Thanks for your prompt response and I would, of course, agree with you had we been discussing transportability (i.e. generalizability) of causal effects - however this is not what I am talking about in my post.
Mathematical portability (the influence of baseline prevalence on the ability of a computed effect to measure the magnitude of association correctly) does not need any consideration of random nor systematic error. It is just referring to whether the effect measure’s computed value can be shown to change for reasons other than the XY association (in this case the reason being investigated is baseline prevalence).
This concept does not need to be evaluated against real world data since I am not arguing for greater generalizability for OR’s in my post. The distinction you make between “by some criteria, the OR tends to be more portable than the RR”, and “…the OR is portable across baseline prevalence of an outcome…” suggests that you are referring to generalizability here and given the numerical similarity between OR and RR especially at smaller baseline prevalence I am quite sure that you are quite right about their equivalent transportability in the real world. I therefore fully agree with you that if we were to “put random positive numbers that sum to 1 into a series of 2x2 tables to create a hypothetical set of expected counts” we would certainly see “variation across the tables in both baseline prevalence and every measure, including the OR” but this is a different issue from its mathematical ability to measure what it is intended to measure.
There are many other areas (other than generalizability) where these mathematical properties would become important, but perhaps that can be left for a later discussion. Right now, I am seeking agreement on the mathematics outlined above and if there is no flaw to be pointed out, and there is broad agreement, then we can move on to these other issues.
As far as I can tell, all you’ve done with your math is reframe the long-known mathematical facts that the OR is variation independent of the designated baseline (reference) risk, while the RR isn’t (nor is the RD). You seem to call the OR result “portability”; I object to that usage because in ordinary English portability is a synonym for transportability, and there is already an unambiguous and established math term for what you describe: variation independence (VI), which is also called mathematical or logical independence (as opposed to statistical independence, which can occur with or without VI).
In another misuse of terms, you seem to confuse outcome incidence probability (risk) with outcome prevalence; with rare exceptions, trials examine risk, not prevalence.
I explained in my last post what VI does and doesn’t mean for practice. In particular, the fact that the OR is variation independent of baseline risk can be seen as a disadvantage in some contexts. Even when this VI is seen as an advantage because it eliminates a source of effect-measure heterogeneity, it does not address causally important sources such as variation in patient response.

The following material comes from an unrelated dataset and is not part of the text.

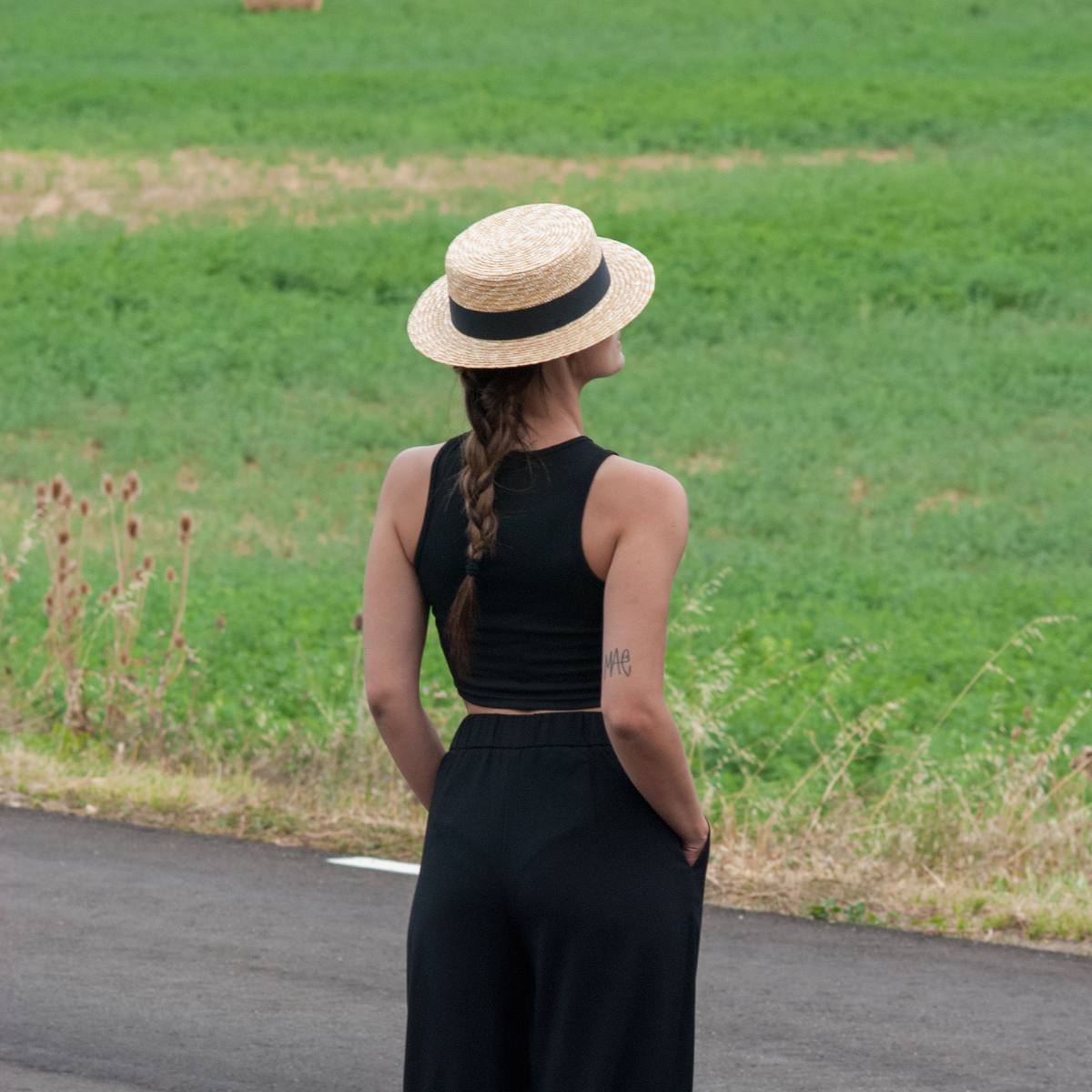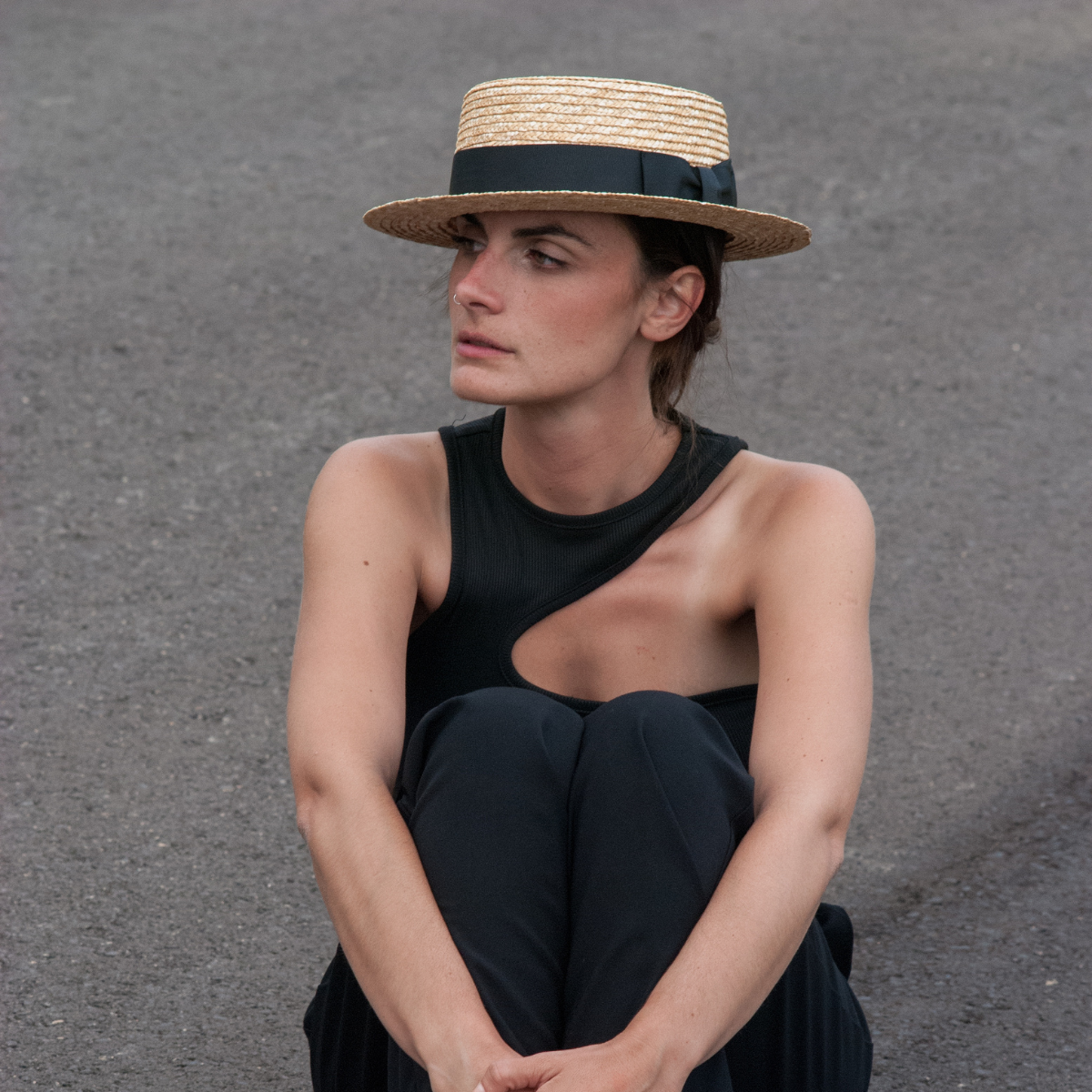 Crafted in natural braided straw, the structured low crown (approx. 5–6 cm) and balanced brim (approx. 30–35 cm diameter) create a flattering architectural shape. The black ribbon adds subtle contrast and classic definition.

I repeat from a much earlier post that the RR is variation independent of a parameter different from baseline risk, the log of the odds product or equivalently, the sum of the logits. This fact leads to a modeling and estimation approach which has some advantages over maximum-likelihood logistic regression; see Richardson, Robins & Wang, ‘On Modeling and Estimation for the Relative Risk and Risk Difference’, JASA 2017.
I will try to avoid posting back further on this issue as I have written out all the facts as I understand them, and have unrelated items to attend to. I hope others will take over responding to you, whether or not they share your or my view.
Thanks for your further thoughts on this matter. Regarding the specific points you raise, I used portability instead of variation independence (VI) because I thought it would be easier for clinicians to comprehend and a series of my papers have used this (even in the titles, not just the text) so probably need to be consistent. However point taken and for epidemiology readers will add ‘mathematical portability is also known as VI and does not imply generalizability or transportability as used in epidemiology’ in parentheses.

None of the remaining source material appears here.